New poll shows Donald Trump lead over Ron DeSantis is ‘the highest yet’

Polling of the Republican presidential race continues to show a widening gap between Donald Trump and Ron DeSantis.

In a new TIPP Insights survey, the former President leads the Florida Governor by nearly 50 points, with 60% for Trump and 11% for DeSantis. A memo highlighting the results calls Trump’s lead over the Governor “the highest yet.”

DeSantis has lost more than half his support from the spring. In April, Trump’s lead was 47% to 23% over the Governor.

The Florida Governor now has a slender lead over third place Vivek Ramaswamy, who has 9% support in the survey of 509 Republican voters conducted between Aug. 30 and Sept. 1. Meanwhile, Mike Pence’s 6% is good for fourth place, with no other candidate above 3%.
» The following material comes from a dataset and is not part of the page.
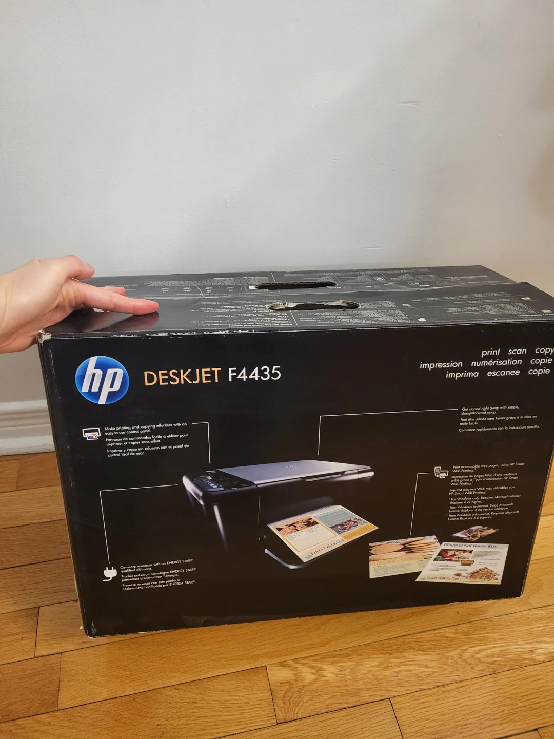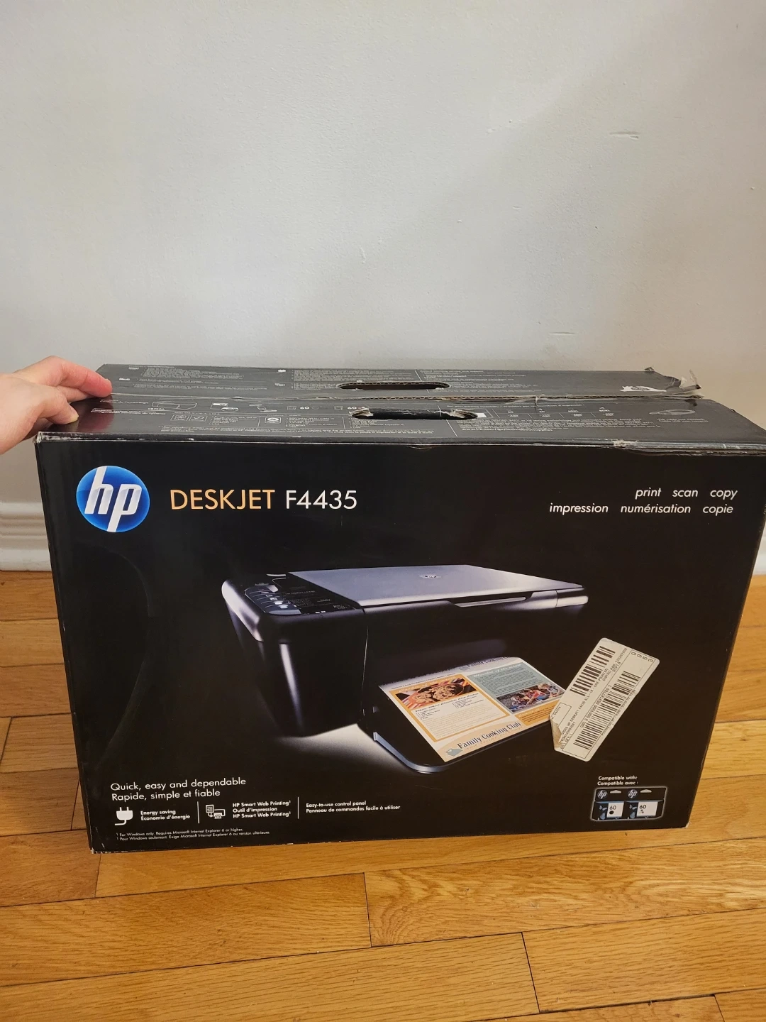 This HP Deskjet F4435 offers print, scan, and copy functions. It supports plain 8.5 x 11 inch paper and photo sizes. Comes with the original box.

In terms of electability, DeSantis does marginally better than he did in the preference poll, with 13% of respondents seeing the Governor as most electable. However, Trump is seen as the most electable candidate by 56% of those surveyed.

Other recent polling tells a similar story of DeSantis struggling to connect.

Redfield & Wilton poll conducted Sept. 3 and Sept. 4 shows DeSantis 56 points behind Trump, 65% to 9%. In that survey, DeSantis is in third place; Ramaswamy has 10% support.

The latest survey from Rasmussen Polls, meanwhile, also shows DeSantis struggling and far behind Trump in single digits, with 9% support, 36 points behind Trump. In that survey, Chris Christie is tied with DeSantis in second place.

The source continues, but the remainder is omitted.